Consider how much time you have to commit to your accounts. Bank reconciliation should be done regularly, and monthly is ideal. If you do not have the time or confidence to manage this yourself, professional support could save you money in the long run. The guide on how to choose an accountant can help you find the right fit.
Simplify self-employed accounting with Xero
Cloud accounting software makes self-employed accounting straightforward. Automate the admin, access reliable financial data in real time and submit tax returns directly from Xero's accounting software for self-employed people.
With live bank feeds, automated reconciliation, customisable reports and MTD compatibility built in, you can spend less time on the numbers and more time growing your business. Get one month free.

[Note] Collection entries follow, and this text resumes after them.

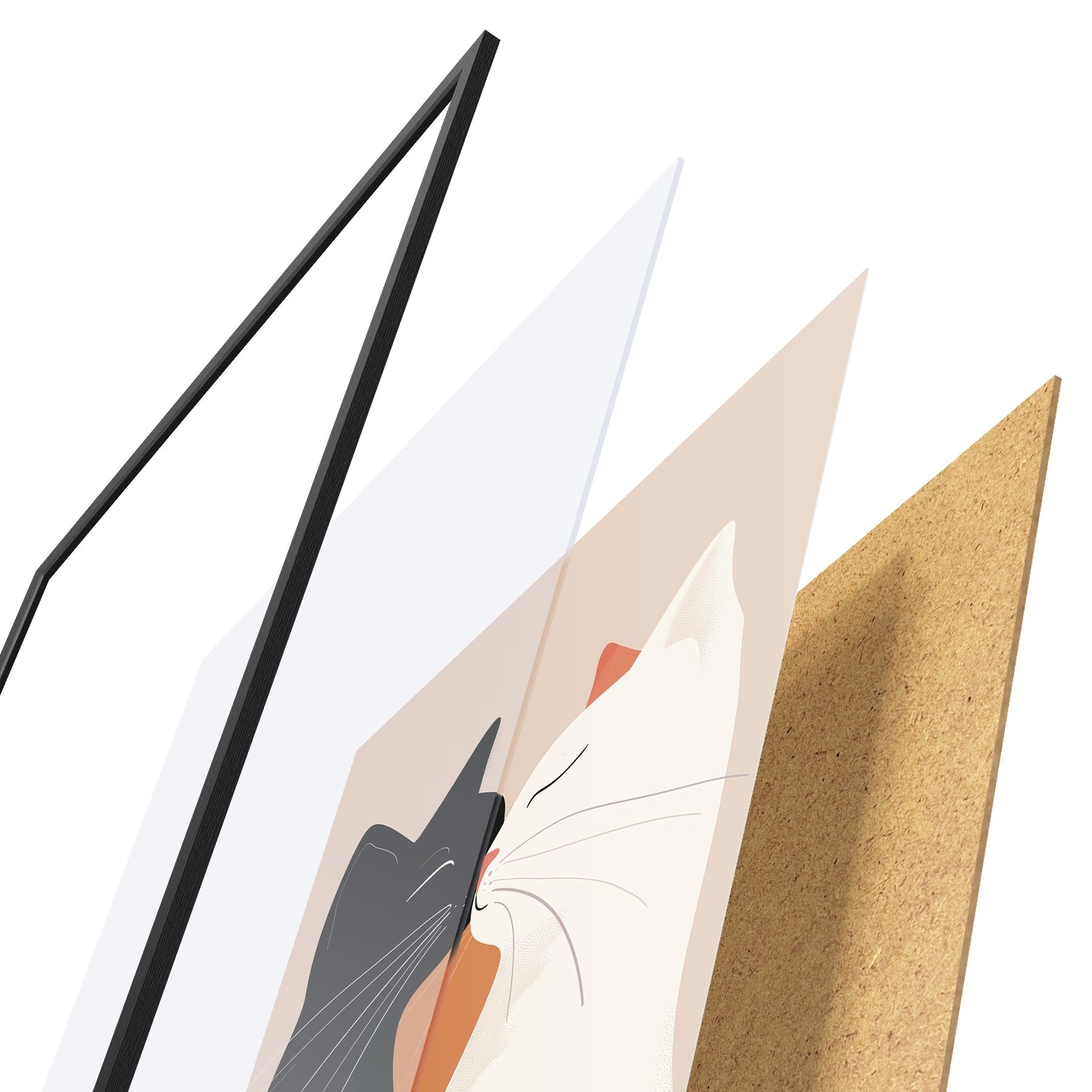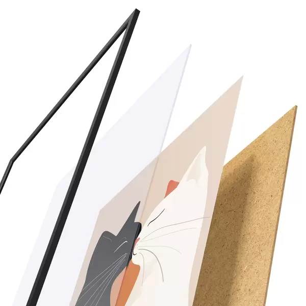 El póster consta de marco, plexiglás, imagen impresa y soporte de aglomerado. El póster puede colgarse inmediatamente en la pared gracias a los soportes de la parte posterior.
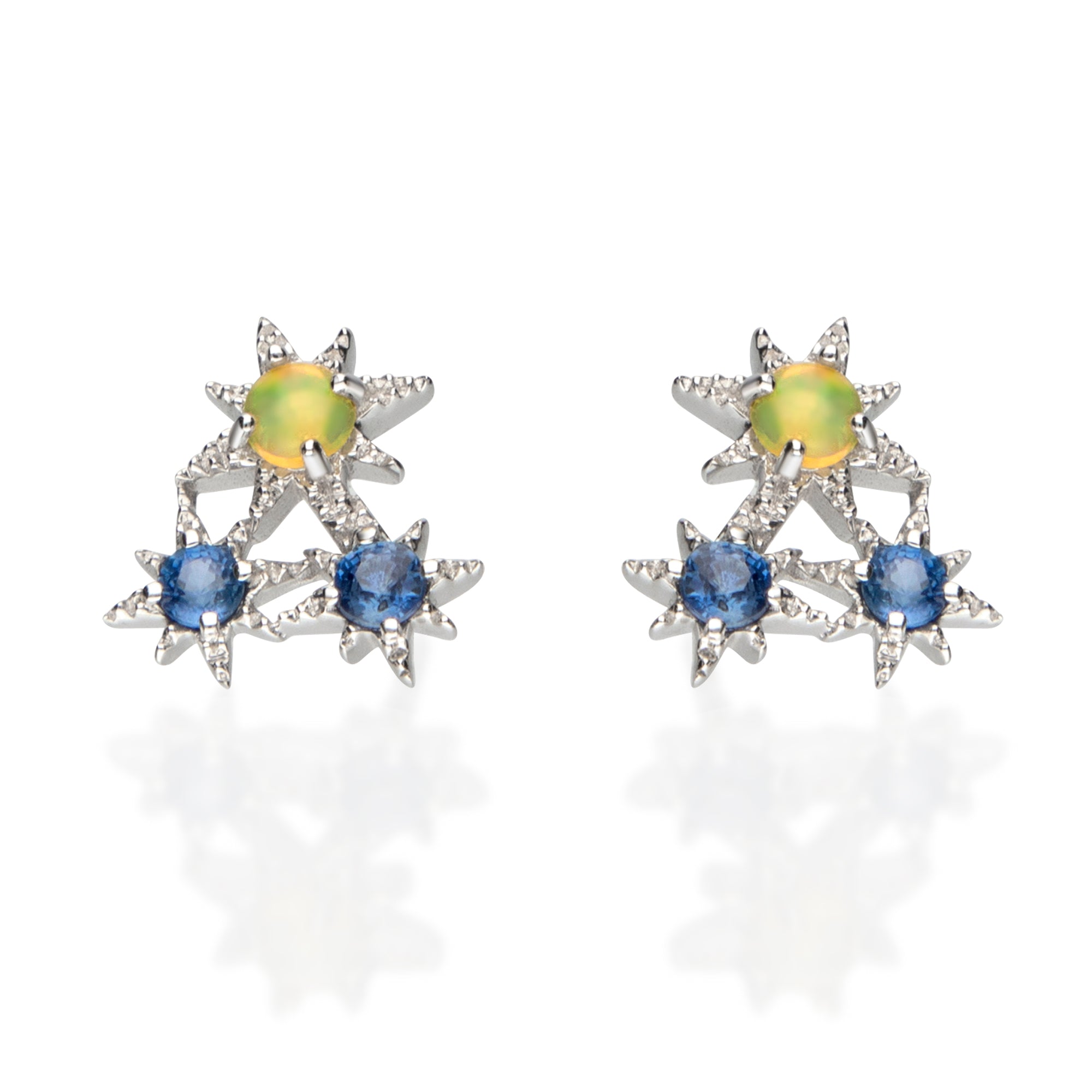 Alayna 14K White Gold Round-Cut Natural African Opal Earring
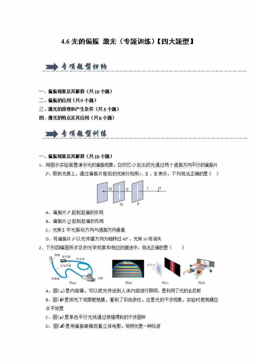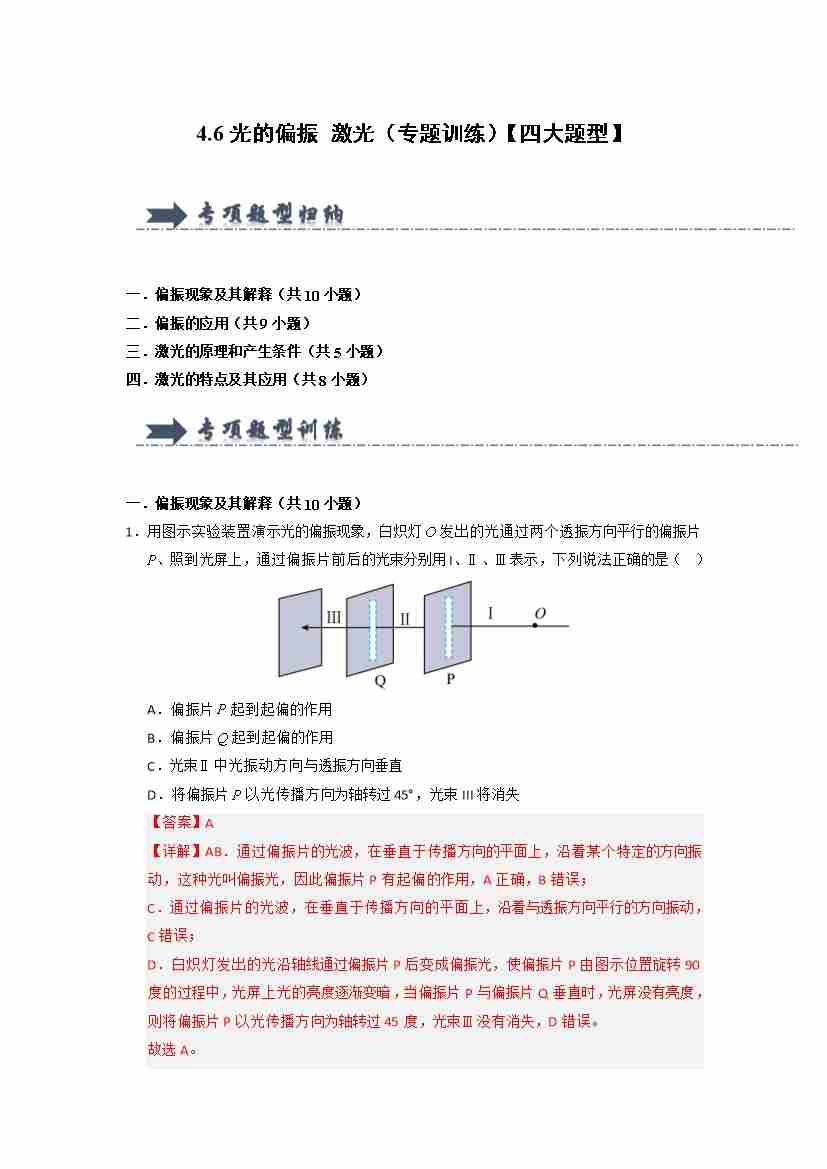 4.6光的偏振 激光(专题训练)(四大题型)(教师版)

FAQs on self-employed accounting
Below are some frequently asked questions about self-employed accounting.
Do you need an accountant if you're self-employed?
You do not legally need an accountant if you are self-employed. Many sole traders manage their own accounts using cloud accounting software. However, an accountant can help with tax planning, identifying allowable expenses and handling complex situations such as VAT registration or employing staff.
What records must you keep when self-employed?
You must keep records of all income and expenses, including invoices, receipts, bank statements and mileage logs. HMRC requires you to retain these records for at least five years after the 31 January submission deadline for the relevant tax year.
What is Making Tax Digital for Income Tax?
Making Tax Digital for Income Tax requires self-employed people earning over £50,000 to keep digital records and submit quarterly updates to HMRC using compatible software. It is live from April 2026, with plans to extend to lower income thresholds in future years.
Can you do your own bookkeeping as a sole trader?
Yes, you can do your own bookkeeping as a sole trader. Using cloud accounting software with bank feeds and automated reconciliation makes the process faster and reduces errors. Regular bookkeeping, ideally monthly, keeps your records accurate and your tax return preparation straightforward.
What expenses can you claim when self-employed?
You can claim allowable business expenses such as office costs, travel, equipment, professional fees, insurance and a proportion of household costs if you work from home. Personal expenses, client entertainment and fines are not claimable. Keep receipts for all expenses as HMRC may request proof.
Disclaimer
Xero does not provide accounting, tax, business or legal advice. This guide has been provided for information purposes only. You should consult your own professional advisors for advice directly relating to your business or before taking action in relation to any of the content provided.